The Internet has been ablaze over the past 24 hours with reports that the Obama Administration is considering requiring “all entities submitting offers for federal contracts to disclose certain political contributions and expenditures that they have made within two years prior to the submission of their offer”. This was first disclosed by Hans A. von Spakovsky, a former Federal Election Commissioner and scholar with the Heritage Foundation. The Public Policy and Infrastructure and Government Contracts Groups offer this analysis of the Administration’s proposal, as it is known so far, and will monitor efforts to implement it as well.
The proposed order requires the following to be disclosed:
(a) All contributions or expenditures to or on behalf of federal candidates, parties or party committees made by the bidding entity, its directors or officers, or any affiliates or subsidiaries within its control; and
(b) Any contributions made to third party entities with the intention or reasonable expectation that parties would use those contributions to make independent expenditure or electioneering communications.

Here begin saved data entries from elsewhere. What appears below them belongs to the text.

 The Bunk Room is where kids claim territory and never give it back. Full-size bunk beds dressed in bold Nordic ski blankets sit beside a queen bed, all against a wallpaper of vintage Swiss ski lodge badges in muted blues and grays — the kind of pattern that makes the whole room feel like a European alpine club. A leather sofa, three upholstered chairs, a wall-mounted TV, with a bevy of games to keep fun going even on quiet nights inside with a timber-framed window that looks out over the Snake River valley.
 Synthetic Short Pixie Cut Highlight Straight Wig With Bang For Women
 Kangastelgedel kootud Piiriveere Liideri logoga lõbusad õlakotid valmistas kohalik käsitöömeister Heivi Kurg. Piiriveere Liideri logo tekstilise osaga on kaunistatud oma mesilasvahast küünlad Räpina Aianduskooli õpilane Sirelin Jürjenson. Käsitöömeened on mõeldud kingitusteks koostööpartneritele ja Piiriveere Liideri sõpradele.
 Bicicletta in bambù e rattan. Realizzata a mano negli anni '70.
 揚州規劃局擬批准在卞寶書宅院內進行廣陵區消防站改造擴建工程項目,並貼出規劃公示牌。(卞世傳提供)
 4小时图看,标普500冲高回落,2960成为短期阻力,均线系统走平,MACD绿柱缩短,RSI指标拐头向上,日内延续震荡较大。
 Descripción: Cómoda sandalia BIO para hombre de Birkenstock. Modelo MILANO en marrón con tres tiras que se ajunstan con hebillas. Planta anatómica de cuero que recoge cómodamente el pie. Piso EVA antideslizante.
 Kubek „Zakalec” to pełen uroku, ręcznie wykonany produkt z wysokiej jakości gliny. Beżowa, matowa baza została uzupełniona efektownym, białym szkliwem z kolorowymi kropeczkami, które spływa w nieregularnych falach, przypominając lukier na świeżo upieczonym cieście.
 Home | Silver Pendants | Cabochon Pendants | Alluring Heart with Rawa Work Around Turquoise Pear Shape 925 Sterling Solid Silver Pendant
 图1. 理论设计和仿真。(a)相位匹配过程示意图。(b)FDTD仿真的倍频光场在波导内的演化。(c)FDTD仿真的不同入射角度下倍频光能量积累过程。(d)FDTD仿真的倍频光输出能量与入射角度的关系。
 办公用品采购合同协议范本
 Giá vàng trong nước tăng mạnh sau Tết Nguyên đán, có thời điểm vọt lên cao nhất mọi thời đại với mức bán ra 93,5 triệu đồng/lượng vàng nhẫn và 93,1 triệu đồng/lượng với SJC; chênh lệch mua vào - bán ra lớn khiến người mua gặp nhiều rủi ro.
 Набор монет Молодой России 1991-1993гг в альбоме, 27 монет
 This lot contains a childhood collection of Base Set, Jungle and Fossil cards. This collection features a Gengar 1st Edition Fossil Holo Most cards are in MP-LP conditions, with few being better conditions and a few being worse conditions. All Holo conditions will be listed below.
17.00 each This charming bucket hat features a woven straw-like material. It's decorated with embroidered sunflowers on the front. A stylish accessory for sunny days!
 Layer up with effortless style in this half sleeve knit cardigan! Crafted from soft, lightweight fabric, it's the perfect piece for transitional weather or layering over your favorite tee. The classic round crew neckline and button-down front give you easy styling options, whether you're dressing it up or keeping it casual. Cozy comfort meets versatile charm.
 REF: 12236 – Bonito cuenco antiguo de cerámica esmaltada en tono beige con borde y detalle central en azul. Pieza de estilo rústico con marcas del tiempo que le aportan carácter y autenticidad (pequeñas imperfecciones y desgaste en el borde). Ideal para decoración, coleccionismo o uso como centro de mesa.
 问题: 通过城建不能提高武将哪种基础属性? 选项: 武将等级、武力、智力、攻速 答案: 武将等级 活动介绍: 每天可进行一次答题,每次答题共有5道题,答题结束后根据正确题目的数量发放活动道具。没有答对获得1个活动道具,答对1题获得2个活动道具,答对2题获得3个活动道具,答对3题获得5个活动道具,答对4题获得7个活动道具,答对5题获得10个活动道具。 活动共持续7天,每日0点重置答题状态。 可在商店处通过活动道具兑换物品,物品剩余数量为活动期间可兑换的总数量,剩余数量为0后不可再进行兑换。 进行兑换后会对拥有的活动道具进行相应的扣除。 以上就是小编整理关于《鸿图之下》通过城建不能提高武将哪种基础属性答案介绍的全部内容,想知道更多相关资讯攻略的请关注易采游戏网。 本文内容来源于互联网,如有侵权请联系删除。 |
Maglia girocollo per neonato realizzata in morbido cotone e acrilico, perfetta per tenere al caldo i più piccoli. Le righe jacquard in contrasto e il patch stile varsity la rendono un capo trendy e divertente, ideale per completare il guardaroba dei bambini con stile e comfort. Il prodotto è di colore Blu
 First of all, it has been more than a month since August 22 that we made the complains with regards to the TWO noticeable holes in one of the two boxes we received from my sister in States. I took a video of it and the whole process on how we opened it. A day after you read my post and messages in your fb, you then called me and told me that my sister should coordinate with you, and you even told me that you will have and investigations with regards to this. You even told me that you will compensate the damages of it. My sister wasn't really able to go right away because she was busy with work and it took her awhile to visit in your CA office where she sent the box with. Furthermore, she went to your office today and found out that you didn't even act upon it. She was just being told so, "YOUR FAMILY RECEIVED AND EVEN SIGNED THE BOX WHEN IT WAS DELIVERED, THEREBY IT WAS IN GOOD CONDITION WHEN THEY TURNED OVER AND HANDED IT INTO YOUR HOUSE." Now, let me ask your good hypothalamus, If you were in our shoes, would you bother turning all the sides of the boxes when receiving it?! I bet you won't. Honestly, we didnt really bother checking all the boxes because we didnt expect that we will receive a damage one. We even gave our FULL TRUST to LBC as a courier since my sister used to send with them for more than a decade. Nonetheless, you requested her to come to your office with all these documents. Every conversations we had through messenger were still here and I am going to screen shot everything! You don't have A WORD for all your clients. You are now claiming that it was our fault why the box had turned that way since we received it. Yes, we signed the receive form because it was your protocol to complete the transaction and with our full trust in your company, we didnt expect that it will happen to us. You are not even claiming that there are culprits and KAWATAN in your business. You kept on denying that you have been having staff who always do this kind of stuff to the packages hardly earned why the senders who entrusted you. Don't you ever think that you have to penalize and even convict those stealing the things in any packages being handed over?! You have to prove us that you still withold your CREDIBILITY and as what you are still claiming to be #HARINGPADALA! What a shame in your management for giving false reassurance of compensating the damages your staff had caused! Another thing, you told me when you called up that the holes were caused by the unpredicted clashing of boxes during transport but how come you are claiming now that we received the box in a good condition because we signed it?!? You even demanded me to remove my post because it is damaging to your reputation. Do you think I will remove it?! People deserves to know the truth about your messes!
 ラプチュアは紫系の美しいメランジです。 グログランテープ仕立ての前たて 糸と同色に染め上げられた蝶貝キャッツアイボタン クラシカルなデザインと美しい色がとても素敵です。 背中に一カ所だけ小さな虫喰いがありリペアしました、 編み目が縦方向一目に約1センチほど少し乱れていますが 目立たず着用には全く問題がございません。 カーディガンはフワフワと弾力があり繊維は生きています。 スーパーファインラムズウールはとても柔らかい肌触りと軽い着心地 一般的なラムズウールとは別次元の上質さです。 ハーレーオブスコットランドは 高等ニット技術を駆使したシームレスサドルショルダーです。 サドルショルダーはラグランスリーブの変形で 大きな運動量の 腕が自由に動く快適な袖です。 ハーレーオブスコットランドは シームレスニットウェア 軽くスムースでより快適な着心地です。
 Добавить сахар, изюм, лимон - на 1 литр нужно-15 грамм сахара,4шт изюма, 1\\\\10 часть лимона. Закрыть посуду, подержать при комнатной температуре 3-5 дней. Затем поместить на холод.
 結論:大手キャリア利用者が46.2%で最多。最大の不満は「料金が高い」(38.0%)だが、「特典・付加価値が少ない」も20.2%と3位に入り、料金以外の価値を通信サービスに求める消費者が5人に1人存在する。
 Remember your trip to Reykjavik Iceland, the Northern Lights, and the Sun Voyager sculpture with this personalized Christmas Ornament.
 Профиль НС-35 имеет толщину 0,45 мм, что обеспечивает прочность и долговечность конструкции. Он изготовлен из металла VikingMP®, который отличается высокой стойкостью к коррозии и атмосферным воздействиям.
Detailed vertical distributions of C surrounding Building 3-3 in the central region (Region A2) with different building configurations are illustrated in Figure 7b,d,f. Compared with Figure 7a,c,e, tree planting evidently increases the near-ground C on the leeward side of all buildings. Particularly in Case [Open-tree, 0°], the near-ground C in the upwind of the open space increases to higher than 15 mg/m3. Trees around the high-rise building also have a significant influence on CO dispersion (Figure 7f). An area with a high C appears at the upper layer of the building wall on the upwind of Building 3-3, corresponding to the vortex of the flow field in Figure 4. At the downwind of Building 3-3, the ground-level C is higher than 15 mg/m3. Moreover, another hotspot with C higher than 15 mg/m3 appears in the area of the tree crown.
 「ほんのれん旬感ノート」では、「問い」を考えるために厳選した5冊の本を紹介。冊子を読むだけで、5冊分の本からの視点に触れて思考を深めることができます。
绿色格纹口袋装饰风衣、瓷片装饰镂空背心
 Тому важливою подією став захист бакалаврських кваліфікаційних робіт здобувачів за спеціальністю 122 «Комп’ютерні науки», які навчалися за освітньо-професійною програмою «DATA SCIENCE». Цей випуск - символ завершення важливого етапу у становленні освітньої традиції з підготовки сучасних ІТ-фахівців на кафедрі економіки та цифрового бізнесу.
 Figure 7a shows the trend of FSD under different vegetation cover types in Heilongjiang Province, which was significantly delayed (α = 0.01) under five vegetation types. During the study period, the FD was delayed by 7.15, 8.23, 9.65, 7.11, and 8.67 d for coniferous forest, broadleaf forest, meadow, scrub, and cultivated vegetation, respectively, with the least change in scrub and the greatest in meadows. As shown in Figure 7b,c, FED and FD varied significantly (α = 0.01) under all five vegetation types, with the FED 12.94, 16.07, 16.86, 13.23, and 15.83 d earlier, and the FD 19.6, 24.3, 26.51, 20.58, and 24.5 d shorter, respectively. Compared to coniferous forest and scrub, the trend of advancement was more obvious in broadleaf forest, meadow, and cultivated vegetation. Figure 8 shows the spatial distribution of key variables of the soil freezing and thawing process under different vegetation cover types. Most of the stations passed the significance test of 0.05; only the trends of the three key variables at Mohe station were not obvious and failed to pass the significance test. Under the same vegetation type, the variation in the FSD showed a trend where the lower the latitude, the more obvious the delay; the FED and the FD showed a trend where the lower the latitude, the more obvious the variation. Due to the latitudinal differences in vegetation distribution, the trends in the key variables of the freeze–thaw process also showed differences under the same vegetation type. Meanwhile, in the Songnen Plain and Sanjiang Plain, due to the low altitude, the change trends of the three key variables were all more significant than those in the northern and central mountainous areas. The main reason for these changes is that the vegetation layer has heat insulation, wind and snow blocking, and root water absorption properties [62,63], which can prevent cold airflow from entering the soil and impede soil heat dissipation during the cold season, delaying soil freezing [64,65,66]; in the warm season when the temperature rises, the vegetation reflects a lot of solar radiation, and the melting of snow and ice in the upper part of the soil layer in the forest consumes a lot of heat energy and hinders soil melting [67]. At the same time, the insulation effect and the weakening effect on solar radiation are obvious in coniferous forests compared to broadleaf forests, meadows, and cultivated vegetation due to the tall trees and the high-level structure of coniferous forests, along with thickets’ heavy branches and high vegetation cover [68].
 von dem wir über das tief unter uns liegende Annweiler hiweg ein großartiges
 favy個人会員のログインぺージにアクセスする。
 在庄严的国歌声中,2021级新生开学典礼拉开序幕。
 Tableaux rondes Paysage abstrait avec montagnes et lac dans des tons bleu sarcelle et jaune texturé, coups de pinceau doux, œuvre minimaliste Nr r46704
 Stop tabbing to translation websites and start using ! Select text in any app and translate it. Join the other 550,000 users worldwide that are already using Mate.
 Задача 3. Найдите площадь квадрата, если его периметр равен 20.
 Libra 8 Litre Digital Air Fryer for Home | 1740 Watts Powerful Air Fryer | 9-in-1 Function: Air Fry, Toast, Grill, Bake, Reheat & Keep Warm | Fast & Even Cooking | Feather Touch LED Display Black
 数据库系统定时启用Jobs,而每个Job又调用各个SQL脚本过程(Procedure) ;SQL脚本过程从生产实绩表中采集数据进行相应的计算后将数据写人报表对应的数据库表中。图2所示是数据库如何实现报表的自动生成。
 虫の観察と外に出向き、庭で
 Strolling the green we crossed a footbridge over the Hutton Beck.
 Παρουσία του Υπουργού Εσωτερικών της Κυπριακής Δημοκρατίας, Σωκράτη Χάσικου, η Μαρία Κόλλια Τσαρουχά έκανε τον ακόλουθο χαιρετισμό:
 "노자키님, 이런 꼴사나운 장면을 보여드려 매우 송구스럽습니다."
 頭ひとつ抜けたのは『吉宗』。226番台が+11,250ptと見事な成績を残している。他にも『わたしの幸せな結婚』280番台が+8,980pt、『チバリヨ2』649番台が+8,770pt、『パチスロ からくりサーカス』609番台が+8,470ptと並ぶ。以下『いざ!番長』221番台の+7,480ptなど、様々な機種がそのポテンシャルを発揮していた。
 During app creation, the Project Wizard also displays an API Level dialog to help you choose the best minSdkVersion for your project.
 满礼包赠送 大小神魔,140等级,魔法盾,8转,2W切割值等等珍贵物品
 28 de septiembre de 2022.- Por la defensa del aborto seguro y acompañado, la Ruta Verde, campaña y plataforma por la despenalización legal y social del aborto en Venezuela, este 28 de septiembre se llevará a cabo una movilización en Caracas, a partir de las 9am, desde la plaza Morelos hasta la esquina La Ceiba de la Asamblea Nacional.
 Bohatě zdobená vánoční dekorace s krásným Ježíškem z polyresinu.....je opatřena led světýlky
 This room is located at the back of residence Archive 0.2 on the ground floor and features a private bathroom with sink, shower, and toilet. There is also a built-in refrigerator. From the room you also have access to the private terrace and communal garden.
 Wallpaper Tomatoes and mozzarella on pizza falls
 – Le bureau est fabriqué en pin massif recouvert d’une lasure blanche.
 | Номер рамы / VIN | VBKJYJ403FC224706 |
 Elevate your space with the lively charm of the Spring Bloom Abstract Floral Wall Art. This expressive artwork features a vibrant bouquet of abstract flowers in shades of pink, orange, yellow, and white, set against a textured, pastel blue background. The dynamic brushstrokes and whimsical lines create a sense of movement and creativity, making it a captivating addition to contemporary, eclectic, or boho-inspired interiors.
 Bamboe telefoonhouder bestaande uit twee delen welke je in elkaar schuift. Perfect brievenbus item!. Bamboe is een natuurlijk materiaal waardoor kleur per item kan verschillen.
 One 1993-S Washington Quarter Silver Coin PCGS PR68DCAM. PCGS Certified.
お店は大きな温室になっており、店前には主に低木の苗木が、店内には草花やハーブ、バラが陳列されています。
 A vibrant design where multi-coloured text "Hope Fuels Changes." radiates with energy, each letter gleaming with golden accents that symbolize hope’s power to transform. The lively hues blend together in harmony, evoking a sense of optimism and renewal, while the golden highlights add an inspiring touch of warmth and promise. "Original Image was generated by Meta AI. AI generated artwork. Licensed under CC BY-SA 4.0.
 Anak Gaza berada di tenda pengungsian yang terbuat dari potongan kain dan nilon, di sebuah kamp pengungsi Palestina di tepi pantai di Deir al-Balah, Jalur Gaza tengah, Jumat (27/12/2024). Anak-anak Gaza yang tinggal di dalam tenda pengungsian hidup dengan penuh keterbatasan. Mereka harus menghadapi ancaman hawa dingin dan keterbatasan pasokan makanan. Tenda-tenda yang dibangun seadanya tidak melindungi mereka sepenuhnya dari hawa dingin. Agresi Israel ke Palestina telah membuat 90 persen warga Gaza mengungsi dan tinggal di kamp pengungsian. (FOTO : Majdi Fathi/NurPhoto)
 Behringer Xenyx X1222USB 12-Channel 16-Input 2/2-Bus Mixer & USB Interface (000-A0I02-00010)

The Impact of these Rules on the Contracting Community Will be Significant. If implemented, these disclosure requirements would have a broad impact both in terms of what needs to be disclosed and who needs to disclose it They would apply, for example, to any entity seeking to do business with the federal government. So those seeking to contract with the federal government would have to put a compliance system in place – as part of putting together its bid – in order to keep track of the contributions and expenditures made. Also, the proposed disclosure requirements would reach far into the bidding entity, to include affiliates or subsidiaries under its control. For an entity with many subsidies, this would not only mean creating an effective compliance system but enabling the coordination within that system among many pieces and players, in order for effective disclosure. Finally, they would apply not only to political contributions to candidates and political parties but also to contributions made to a third party that spends money for advertisements advocating the election or defeat of a candidate for federal office. So, for example, if an officer of a bidding entity also belongs to an organization that runs ads calling for the defeat of a candidate, then he or she must disclose dues any other payments made to that organization, in the context of the bidding entity seeking the federal contract. That goes beyond any requirement in place today and in real terms means that those entities which run these advertisements could see the disclosure of those behind them.
Many legal issues are likely raised by an Executive Order that would be issued with this content. Among these issues are: (1) constitutional, third party, and other statutory rights that might be disturbed by compliance with the requirements of the Executive Order; (2) whether such an Executive Order exceeds the President’s authority; and, (3) potential third party liability that might be incurred by implementation activities of covered entities (e.g., employment disputes), among others.
This proposed executive order is clearly a response to the Supreme Court’s decision in Citizens United v. FEC, which reverses decades of statutory and case law that prohibit corporations from using their general treasuries to fund independent political advertising supporting or opposing candidates for local, state or federal office. And those on the right clearly consider it to be drafted in favor of organizations favoring the Democratic Party. van Spakovsky, for example, notes “federal employee unions that negotiate contracts for their members worth many times the value of some government contracts are not affected by this order. Neither are the recipients of hundreds of millions of dollars of federal grants”. We would note that this is a proposal only and the final details of the Executive Order are still not in place.